Still, the White House and Senate Democrats interpreted the initial vote as a show of strength and vowed to stay through the holidays if necessary to approve the treaty, known as New Start. The treaty would limit the United States and Russia to deploying no more than 1,550 strategic warheads and 700 launchers and would resume mutual on-site inspections that lapsed last year.
The report quoted Massachusetts Senator John Kerry, who predicted: “Yes, I believe we will have the votes.” Kerry also countered Republican statements that there was not enough time to deliberate the treaty in this Congress with a completely unrelated comparison that U.S. troops in Afghanistan and Iraq do not take the holidays off, pontificating: “Surely, we in the United States Senate can’t ask any less of ourselves as we sit in a warm chamber and talk about this treaty.”
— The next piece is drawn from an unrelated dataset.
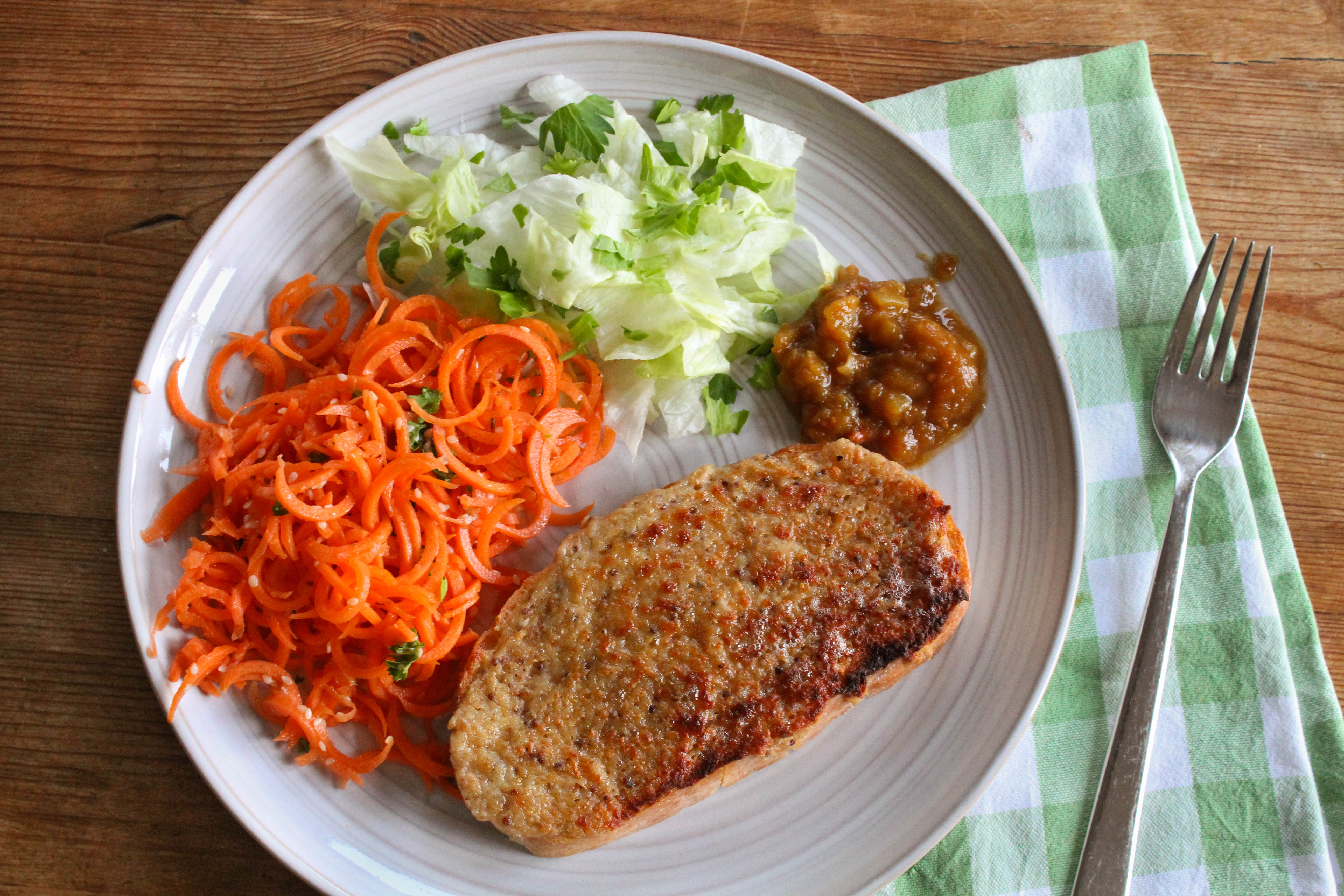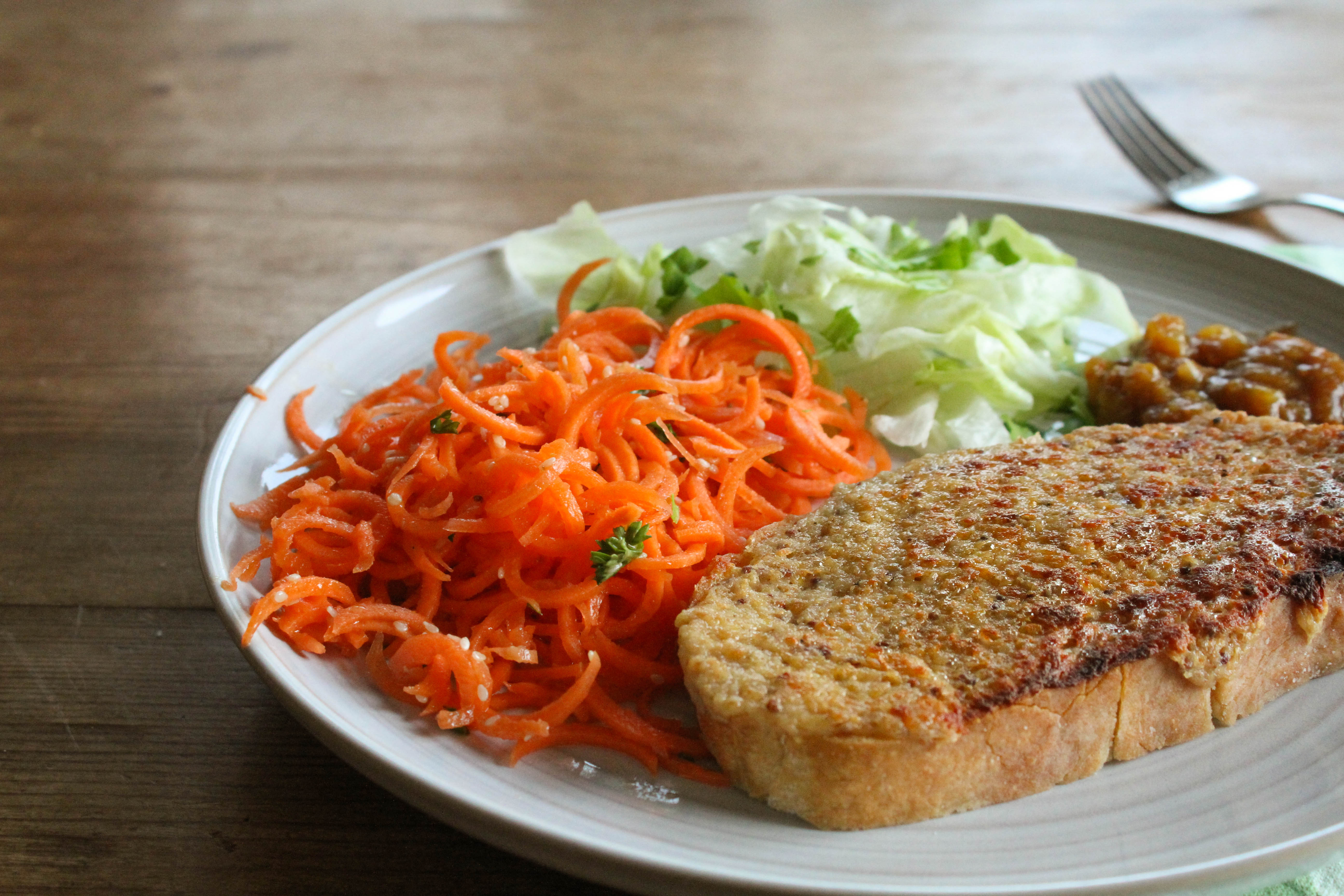 3. To make the sesame carrot salad, begin by coarsely grating your carrot. If you prefer, you can spiralize it – I got a spiralizer for Christmas, and this was its first outing! Shake the rest of the ingredients together in a jar, then drizzle over the carrot. Serve with the rarebit, a handful of leaves and a dollop of chutney.

The Times also quoted Arizona Republican Senator John Kyl, who favors postponing a vote on the treaty until the 112th Congress convenes in January:
I think you can detect in my demeanor here a great frustration and disappointment with the fact that notwithstanding our effort to try to work constructively, we’re going to get stiffed now. And I don’t like that, and I don’t think it’s good for the country.
Among the nine Republicans who voted to allow debate on the bill was Kyl’s Arizona colleague and former “conservative” Republican presidential candidate John McCain.
A report in the Atlanta Journal-Constitution on December 15 quoted Georgia’s Republican Senator Saxby Chambliss, who voiced criticism of Majority Leader Harry Reid’s plans to push START through the Senate: “He’s trying to jam through a … treaty he knows needs to have at least 10 days to two weeks from a legislative standpoint. That is amateurish at best, and it is poor leadership on his part.”
The Journal-Constitution noted that White House and “military leaders” (presumably those of the internationalist stripe like ISAF Commander General David H. Petraeus, a member of the Council on Foreign Relations) have urged ratification of the treaty as soon as possible, claiming that “every day it’s not passed is a day that the United States can’t inspect or verify Russia’s nuclear weapons cache.”
Such an assertion presumes that a piece of paper would guarantee the cooperation needed on the part of Russia’s political and military leaders to ensure accurate verification.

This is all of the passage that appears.